I don't get a huge crop but I do grow asparagus.
Now there is an advert for vegetarianism (though if it's flown
in from far away it's not a great idea for the world) though
now only a memory from early in the summer. Anyway, bon appétit!
Which is an interesting phrase for a veggie to use seeing
France is not the greatest place in the world to be having
renounced eating dead animals.....
If there's going to be a revolution.....
It nearly stopped me in my tracks. A blue poster in Belfast
on a wall usually adorned with Sinn Féin muriels or
other visual material. It wasn't very big so I had to examine
it close up to be sure I wasn't imagining things. I must say
it made me laugh all the way home - talk about trying to be
all things to all people. "If there is to be a revolution,
there must be a revolutionary party" it said in the largest
typeface. Then various visages in the middle. And underneath
was "Join the revolution, join Sinn Féin"

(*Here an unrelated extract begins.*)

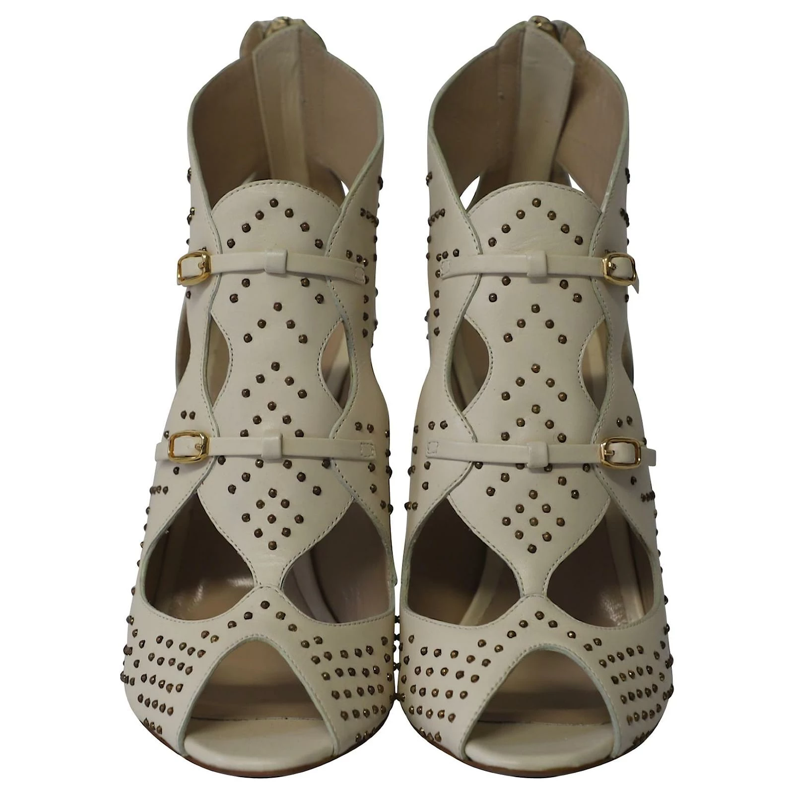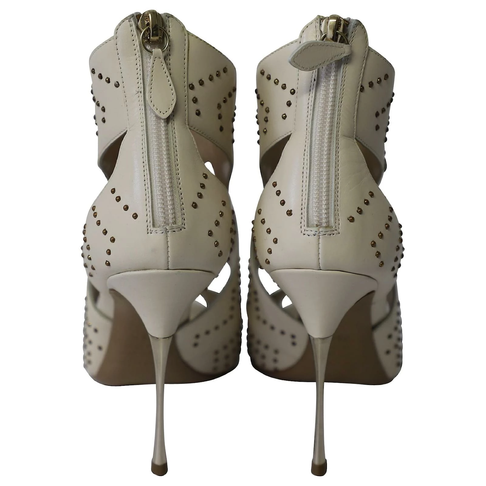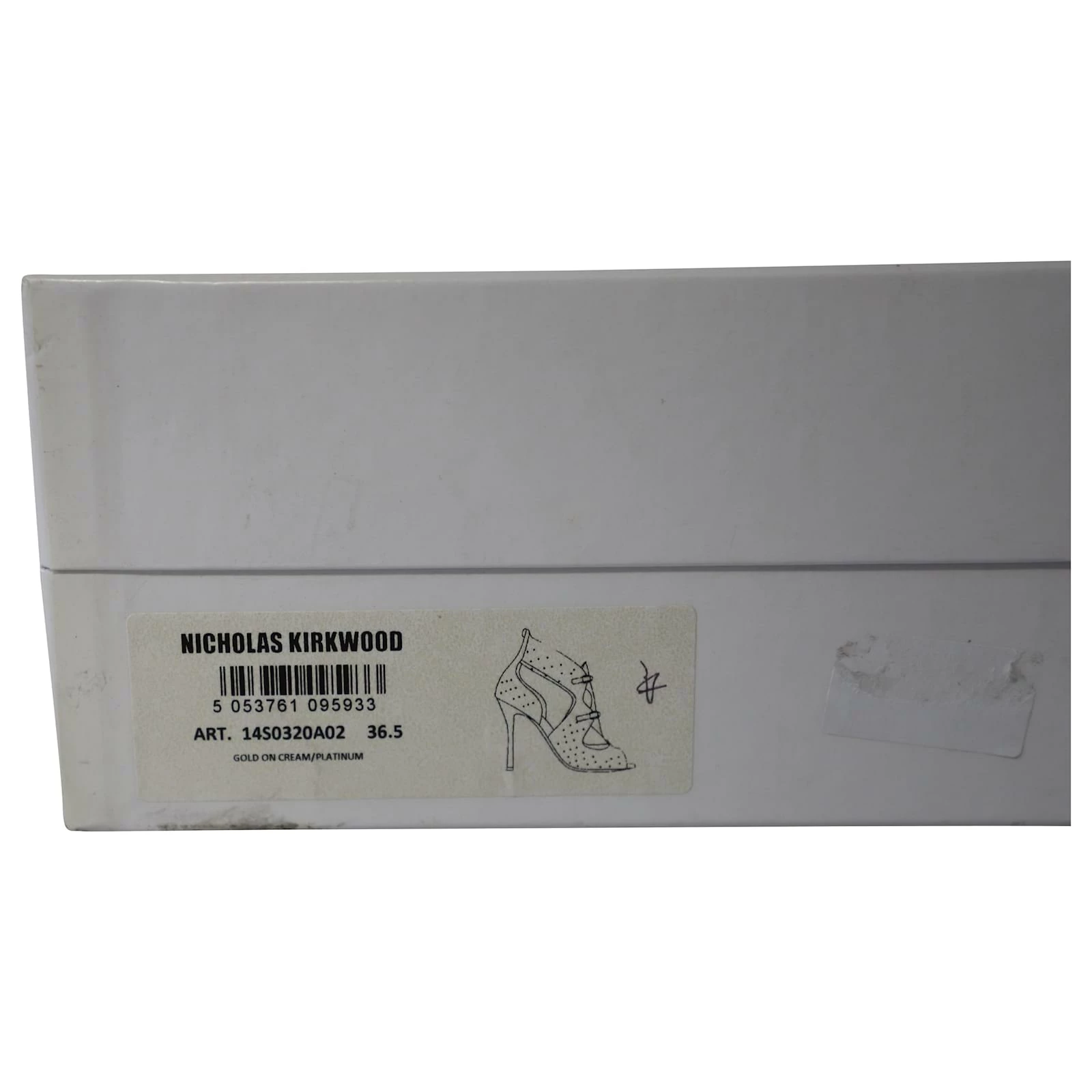 This Nicholas Kirkwood ankle boots is designed in an exciting fashion. With notable cutout design, this refreshing cream pair is high on style and signature elements. The pair is rendered in leather and is furnished with open toes, buckled straps on the vamps, zipper fastenings on the counters, and towering stiletto heels.

along with the e-mail address and phone number (a mobile).
The visages, fair enough, included martyrs for the cause Bobby
Sands, Máire Drumm, and Mairead Farrell. Other well
known (!) Sinn Féin/Irish republican figures featured
included Fidel Castro, James Connolly (OK, he was a fellow
traveller/martyr and he did live and die in Ireland, and was
a highly significant figure, though born in Scotland of Irish
parents), and Nelson Mandela. Fidel and Nelson were successful
revolutionaries though very different in their later approaches.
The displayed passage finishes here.